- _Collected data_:
* * * *

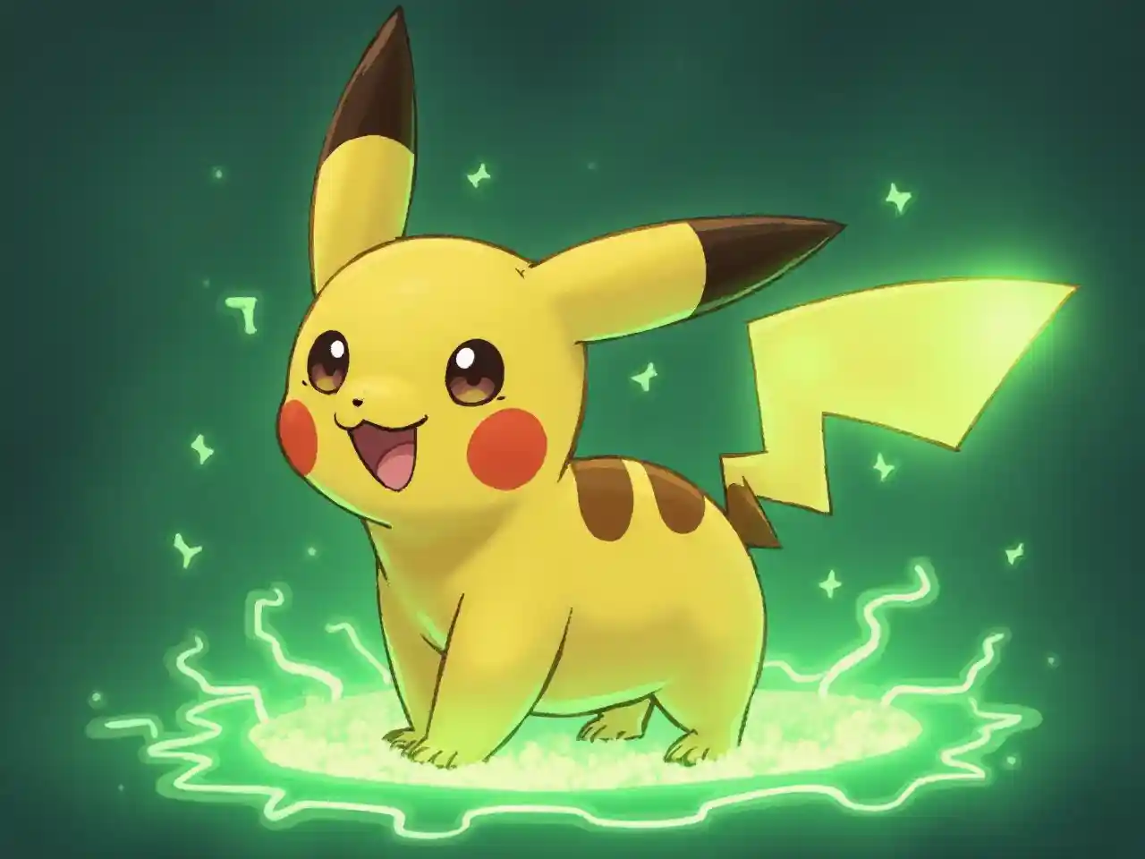 Pichu rodeado por faíscas elétricas verdes que vêm da sua cauda.
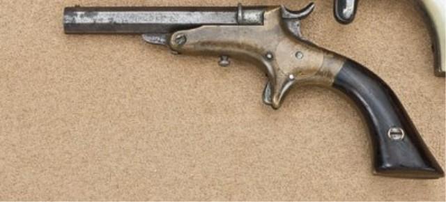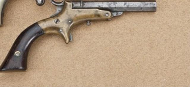Unmarked early American tip-up pistol, mid to late 1860’s similar to Stevens. .22 rimfire. 3-1/4” barrel, 6-1/4” overall, brass frame, underhammer release for hinged barrel, and knurled finger ridge which is cut through for sighting. Serial #73 on interior. Good condition showing brass patina finish, dark patina on the frame, good rosewood grips that are serial numbered to match. Action good, bore slightly rough. No markings other than serial number. An interesting American single shot that could quality as a vest-pocket derringer. Est: $300 - $600
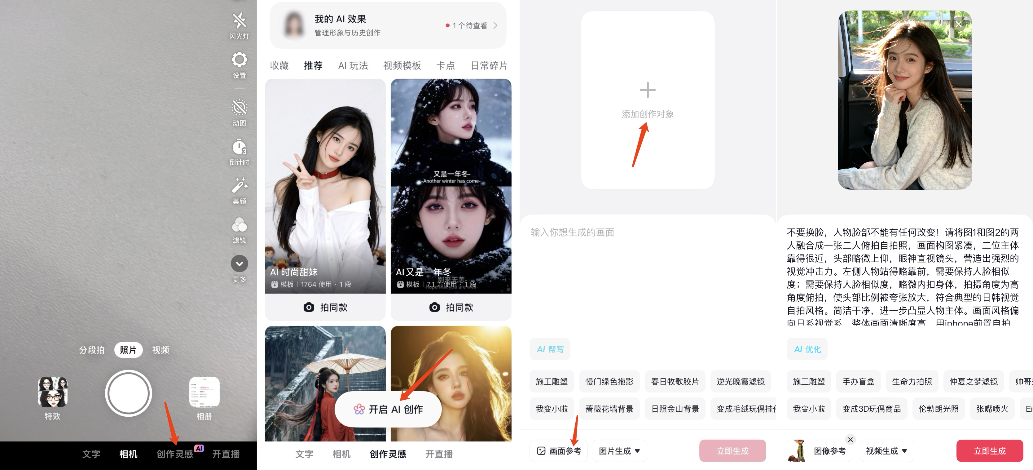 2.搜索特效:点击抖音的“+”后,选择“创作灵感”,再选择“开启AI创作”。
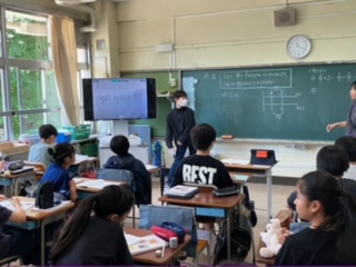 分数のかけ算の学習をしていました。みんなの前で、自分の考えをしっかりとプレゼンしていました。
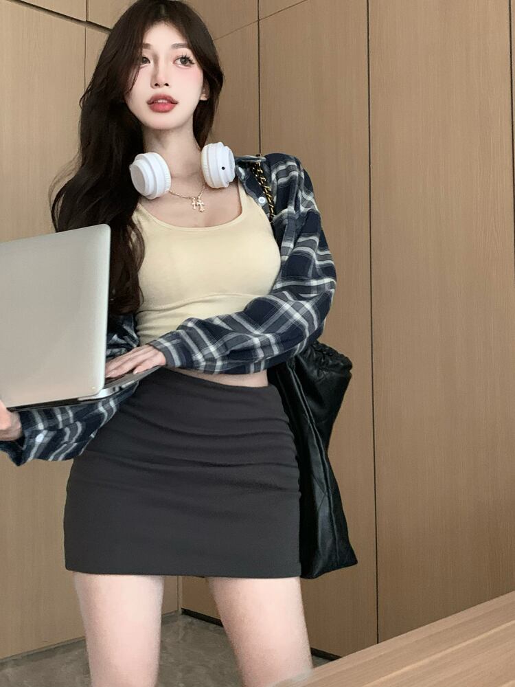 サマースリム格子柄シャツ ショートスカート セット ストリート 夏物 10/5 秋冬 オータム ウインター ナチュラル mi4657060316732
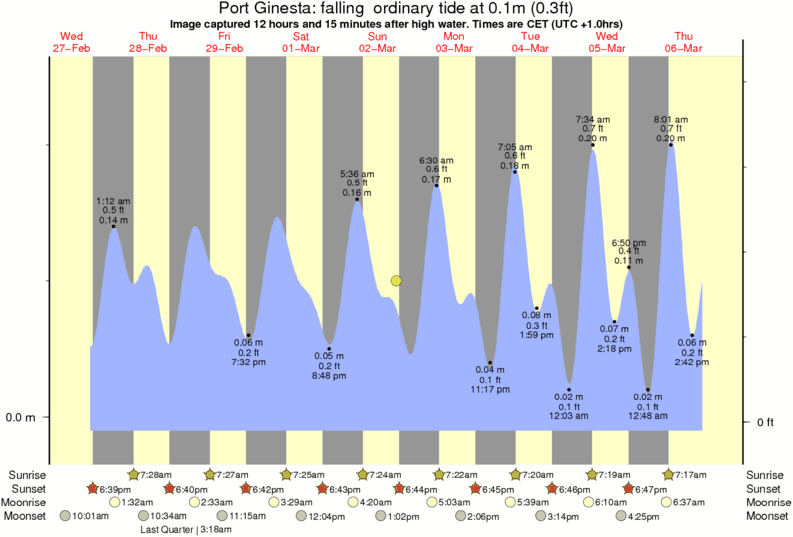 Image captured 12 hours and 15 minutes after high water (falling ordinary tide). Tide height was 0.1m (0.3 ft). Range 0.25m (0.8 ft). Toggle tide graph
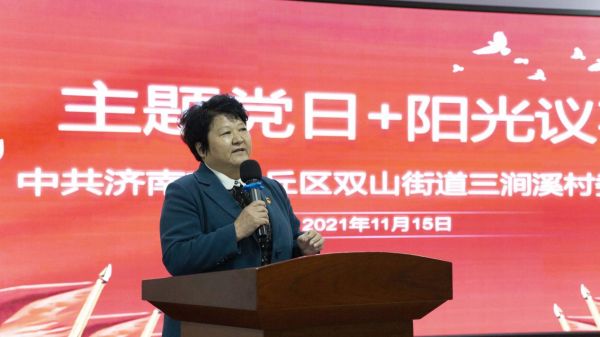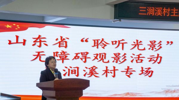 “山大新传学院‘聆听光影’下乡观影活动,就好比是为三涧溪村送来的一顿‘文化大餐’。”观影活动正式开始前,三涧溪村党委书记高淑贞在致辞中讲到。她指出,本次观影影片主角沂蒙红嫂就是党和人民血肉联系的具化呈现,在激励人心、移风易俗、凝聚共识方面有着不可替代的主题优势。高淑贞还结合党的十九届六中全会会议精神再一次强调,民族复兴离不开文化复兴,祖国富强离不开党的百年领导,红色基因和红色历史更需要祖祖辈辈的接续传递。
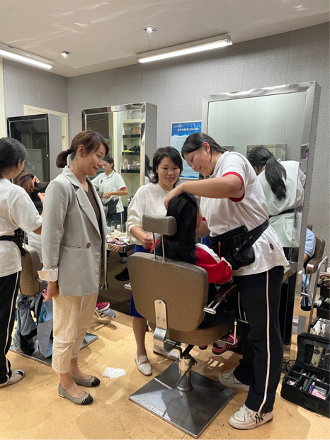 调研团队在崔蓉英的带领下参观了实训室,观摩了浙江省职业技能大赛美容美发项目选手的备赛训练。双方就实训室在课程比赛中的作用、信息化设备的运用和整合等方面进行了交流。崔蓉英介绍,实训室的建设以技能大赛为依托,引进先进设备和工具,让学生在真实的工作环境中锻炼,提升学生在实践中的技术水平和创新能力。
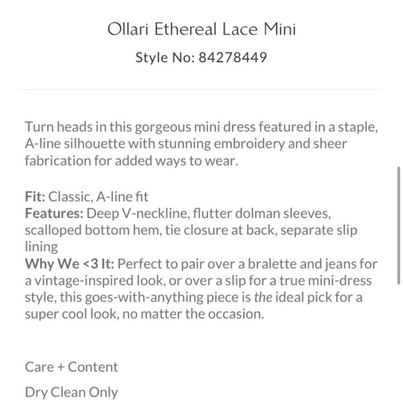 Free People Ollari Ethereal Lace Mini Dress. Brand new without tags, size small. $400 retail. See pics for more details. Line through label to prevent store returns.
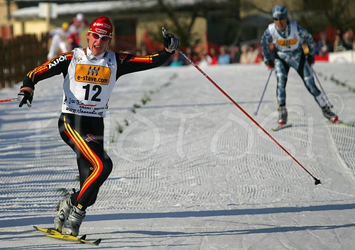 : Winner Tom Beetz is celebrating his gold medal and crosses finish line of Junior Nordic Combined sprint race of FIS Nordic Junior Ski World Championships which was held in Medvode, Slovenia on 5.February 2006.
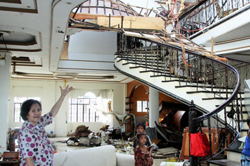 シンコさんの自宅は、タクロバン空港に近い高級住宅地「ベータ・ベイビュー・ホーム」にある豪邸。広い庭と私道を加えた敷地面積は約5ヘクタールにもなる。邸宅内には、幅約2メートルの木造らせん状の階段がある。11日午後、記者が訪れると、吹き抜けのリビングには汚れたままの高級洋酒や絵画が散乱していた。
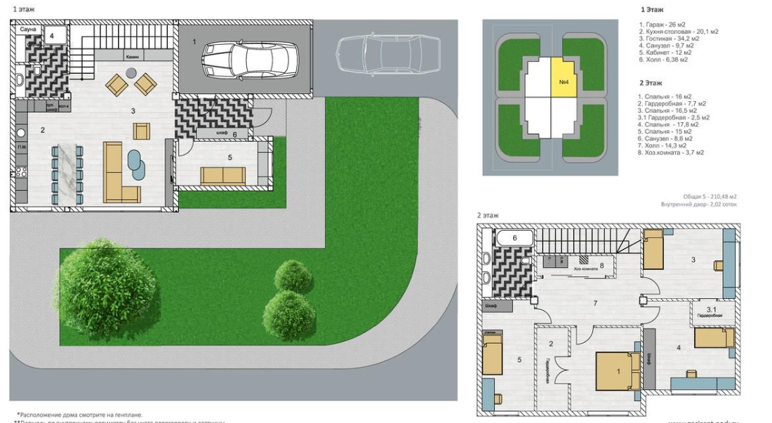 На первом этаже – гараж на 1 авто, гостевой санузел, просторная гостиная – кухня, откуда осуществляется выход на придомовую территорию под благоустройство зоны отдыха
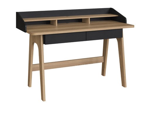 - Móvel possui ampla superfície para trabalho e estudos, conta com passagem de fiação e duas gavetas para guardar acessórios, tornando o espaço mais funcional e organizado;
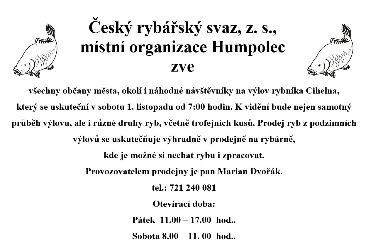 Český rybářský svaz, z. s., místní organizace Humpolec zve všechny občany města, okolí i náhodné návštěvníky na výlov rybníka Cihelna.
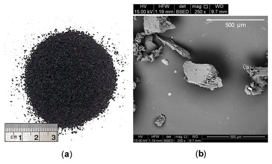 The scanning electron microscopy (SEM) technique was employed to observe the GR material’s morphological features (see Figure 2b). From visual inspection, the GR particles can be characterized as non-spherical and somewhat angular in shape, with occasional cavities and micro-cracks distributed along their surfaces, hence showcasing a rough surface texture [,]. Furthermore, as stated in the manufacturer’s literature, the GR material possessed a specific gravity of = 1.09 (i.e., 2.5-fold lower than that of the test soil with = 2.73), a specific surface area of 0.05 m2/g, and a softening point of 170 °C. In terms of average chemical composition, the GR material consisted of 55% styrene–butadiene copolymer, 25–35% carbon black, 5–20% acetone extract, 2–3% zinc oxide and 1–3% sulfur, mass basis.

* * * *

- _AIM OF THE TASK_:
Word for word, repeat each record above; leave out every picture.

- _RESULT FOR THIS EXERCISE_:
 Pichu rodeado por faíscas elétricas verdes que vêm da sua cauda.
Unmarked early American tip-up pistol, mid to late 1860’s similar to Stevens. .22 rimfire. 3-1/4” barrel, 6-1/4” overall, brass frame, underhammer release for hinged barrel, and knurled finger ridge which is cut through for sighting. Serial #73 on interior. Good condition showing brass patina finish, dark patina on the frame, good rosewood grips that are serial numbered to match. Action good, bore slightly rough. No markings other than serial number. An interesting American single shot that could quality as a vest-pocket derringer. Est: $300 - $600
 2.搜索特效:点击抖音的“+”后,选择“创作灵感”,再选择“开启AI创作”。
 分数のかけ算の学習をしていました。みんなの前で、自分の考えをしっかりとプレゼンしていました。
 サマースリム格子柄シャツ ショートスカート セット ストリート 夏物 10/5 秋冬 オータム ウインター ナチュラル mi4657060316732
 Image captured 12 hours and 15 minutes after high water (falling ordinary tide). Tide height was 0.1m (0.3 ft). Range 0.25m (0.8 ft). Toggle tide graph
 “山大新传学院‘聆听光影’下乡观影活动,就好比是为三涧溪村送来的一顿‘文化大餐’。”观影活动正式开始前,三涧溪村党委书记高淑贞在致辞中讲到。她指出,本次观影影片主角沂蒙红嫂就是党和人民血肉联系的具化呈现,在激励人心、移风易俗、凝聚共识方面有着不可替代的主题优势。高淑贞还结合党的十九届六中全会会议精神再一次强调,民族复兴离不开文化复兴,祖国富强离不开党的百年领导,红色基因和红色历史更需要祖祖辈辈的接续传递。
 调研团队在崔蓉英的带领下参观了实训室,观摩了浙江省职业技能大赛美容美发项目选手的备赛训练。双方就实训室在课程比赛中的作用、信息化设备的运用和整合等方面进行了交流。崔蓉英介绍,实训室的建设以技能大赛为依托,引进先进设备和工具,让学生在真实的工作环境中锻炼,提升学生在实践中的技术水平和创新能力。
 Free People Ollari Ethereal Lace Mini Dress. Brand new without tags, size small. $400 retail. See pics for more details. Line through label to prevent store returns.
 : Winner Tom Beetz is celebrating his gold medal and crosses finish line of Junior Nordic Combined sprint race of FIS Nordic Junior Ski World Championships which was held in Medvode, Slovenia on 5.February 2006.
 シンコさんの自宅は、タクロバン空港に近い高級住宅地「ベータ・ベイビュー・ホーム」にある豪邸。広い庭と私道を加えた敷地面積は約5ヘクタールにもなる。邸宅内には、幅約2メートルの木造らせん状の階段がある。11日午後、記者が訪れると、吹き抜けのリビングには汚れたままの高級洋酒や絵画が散乱していた。
 На первом этаже – гараж на 1 авто, гостевой санузел, просторная гостиная – кухня, откуда осуществляется выход на придомовую территорию под благоустройство зоны отдыха
 - Móvel possui ampla superfície para trabalho e estudos, conta com passagem de fiação e duas gavetas para guardar acessórios, tornando o espaço mais funcional e organizado;
 Český rybářský svaz, z. s., místní organizace Humpolec zve všechny občany města, okolí i náhodné návštěvníky na výlov rybníka Cihelna.
 The scanning electron microscopy (SEM) technique was employed to observe the GR material’s morphological features (see Figure 2b). From visual inspection, the GR particles can be characterized as non-spherical and somewhat angular in shape, with occasional cavities and micro-cracks distributed along their surfaces, hence showcasing a rough surface texture [,]. Furthermore, as stated in the manufacturer’s literature, the GR material possessed a specific gravity of = 1.09 (i.e., 2.5-fold lower than that of the test soil with = 2.73), a specific surface area of 0.05 m2/g, and a softening point of 170 °C. In terms of average chemical composition, the GR material consisted of 55% styrene–butadiene copolymer, 25–35% carbon black, 5–20% acetone extract, 2–3% zinc oxide and 1–3% sulfur, mass basis.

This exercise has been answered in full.